Work to complete — The material below holds a span beginning at the line with "替え刃は、アマゾンやホームセンターでも入手できる電動カンナの替え刃が適合します。サイズにご注意ください。 英文説明書 | |" and ending at the line with "- Dress up in". Quote that span exactly, both ends included, and only that span.

Data supplied —
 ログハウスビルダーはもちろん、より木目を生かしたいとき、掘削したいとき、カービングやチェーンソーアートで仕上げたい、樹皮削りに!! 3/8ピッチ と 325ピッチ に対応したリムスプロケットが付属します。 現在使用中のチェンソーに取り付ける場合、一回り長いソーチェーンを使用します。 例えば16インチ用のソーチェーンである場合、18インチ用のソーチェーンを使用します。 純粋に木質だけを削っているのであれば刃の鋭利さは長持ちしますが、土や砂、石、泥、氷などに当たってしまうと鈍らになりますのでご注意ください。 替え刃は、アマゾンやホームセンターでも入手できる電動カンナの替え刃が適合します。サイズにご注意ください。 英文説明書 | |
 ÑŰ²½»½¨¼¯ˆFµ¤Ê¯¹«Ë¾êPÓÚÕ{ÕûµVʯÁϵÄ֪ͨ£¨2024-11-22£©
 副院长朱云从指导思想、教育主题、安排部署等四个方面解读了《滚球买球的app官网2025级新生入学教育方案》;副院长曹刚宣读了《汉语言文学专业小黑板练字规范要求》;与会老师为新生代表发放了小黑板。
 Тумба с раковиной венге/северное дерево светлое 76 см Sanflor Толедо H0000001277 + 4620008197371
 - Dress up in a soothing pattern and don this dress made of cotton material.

...

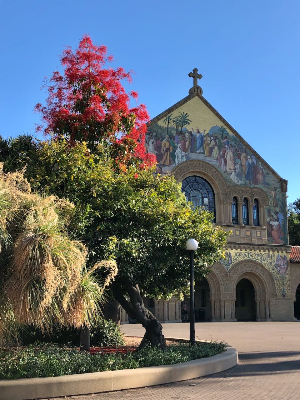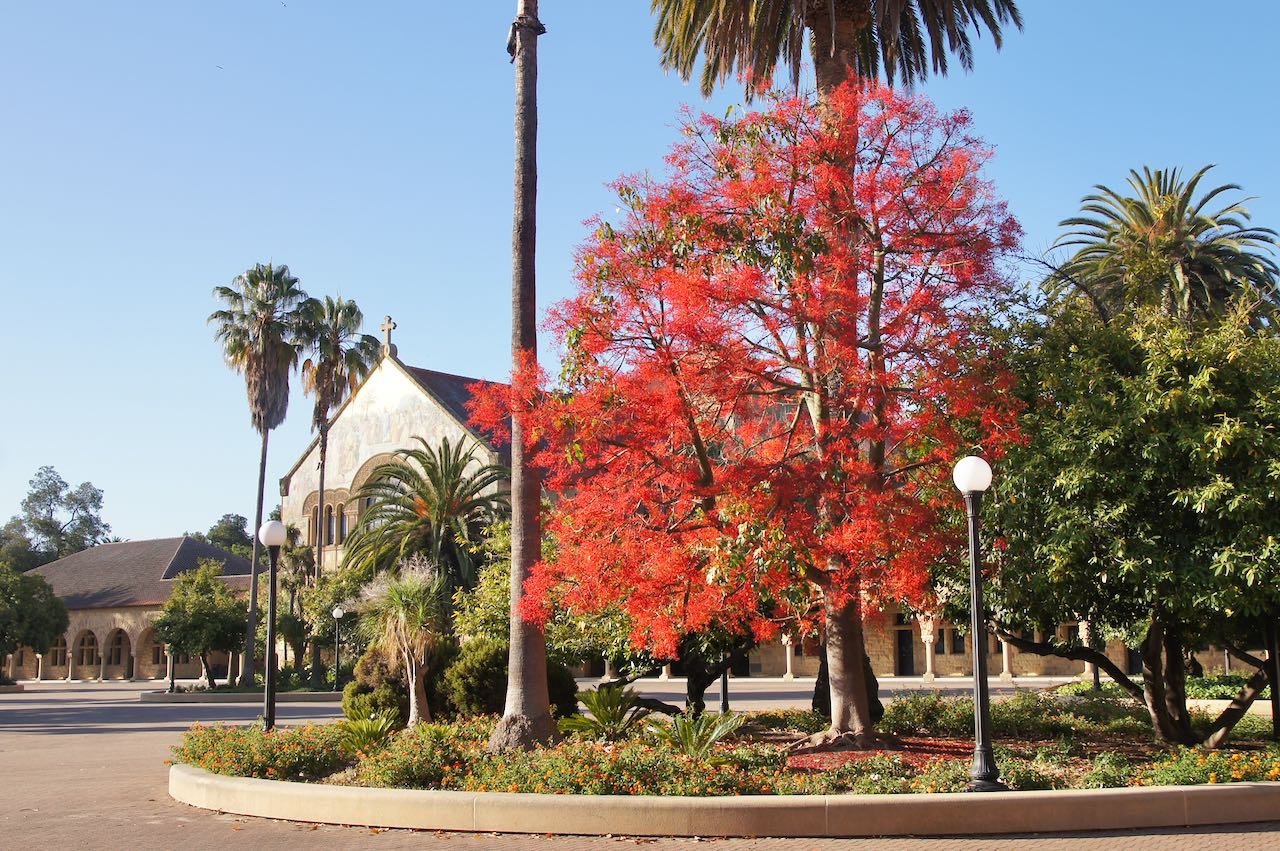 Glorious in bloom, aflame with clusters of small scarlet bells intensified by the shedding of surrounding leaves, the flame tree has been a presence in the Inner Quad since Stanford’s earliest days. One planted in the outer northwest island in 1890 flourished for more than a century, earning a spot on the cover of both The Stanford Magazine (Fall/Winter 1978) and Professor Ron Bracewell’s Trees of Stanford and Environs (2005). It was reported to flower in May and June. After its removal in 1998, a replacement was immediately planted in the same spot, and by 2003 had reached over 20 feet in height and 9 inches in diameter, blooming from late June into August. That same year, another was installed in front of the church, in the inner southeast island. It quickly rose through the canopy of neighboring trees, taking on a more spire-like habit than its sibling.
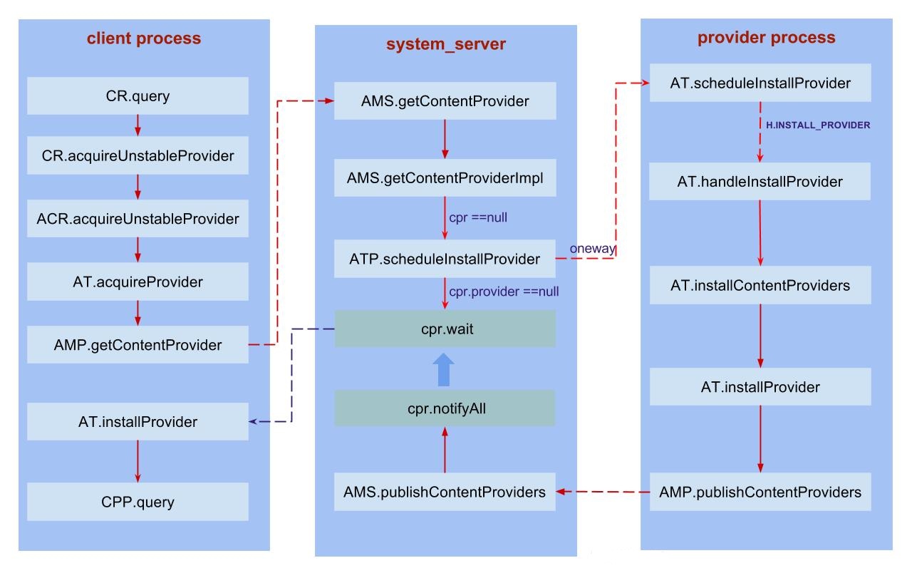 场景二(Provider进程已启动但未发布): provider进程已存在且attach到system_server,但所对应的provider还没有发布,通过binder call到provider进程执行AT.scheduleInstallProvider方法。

The completed task —
 ログハウスビルダーはもちろん、より木目を生かしたいとき、掘削したいとき、カービングやチェーンソーアートで仕上げたい、樹皮削りに!! 3/8ピッチ と 325ピッチ に対応したリムスプロケットが付属します。 現在使用中のチェンソーに取り付ける場合、一回り長いソーチェーンを使用します。 例えば16インチ用のソーチェーンである場合、18インチ用のソーチェーンを使用します。 純粋に木質だけを削っているのであれば刃の鋭利さは長持ちしますが、土や砂、石、泥、氷などに当たってしまうと鈍らになりますのでご注意ください。 替え刃は、アマゾンやホームセンターでも入手できる電動カンナの替え刃が適合します。サイズにご注意ください。 英文説明書 | |
 ÑŰ²½»½¨¼¯ˆFµ¤Ê¯¹«Ë¾êPÓÚÕ{ÕûµVʯÁϵÄ֪ͨ£¨2024-11-22£©
 副院长朱云从指导思想、教育主题、安排部署等四个方面解读了《滚球买球的app官网2025级新生入学教育方案》;副院长曹刚宣读了《汉语言文学专业小黑板练字规范要求》;与会老师为新生代表发放了小黑板。
 Тумба с раковиной венге/северное дерево светлое 76 см Sanflor Толедо H0000001277 + 4620008197371
 - Dress up in a soothing pattern and don this dress made of cotton material.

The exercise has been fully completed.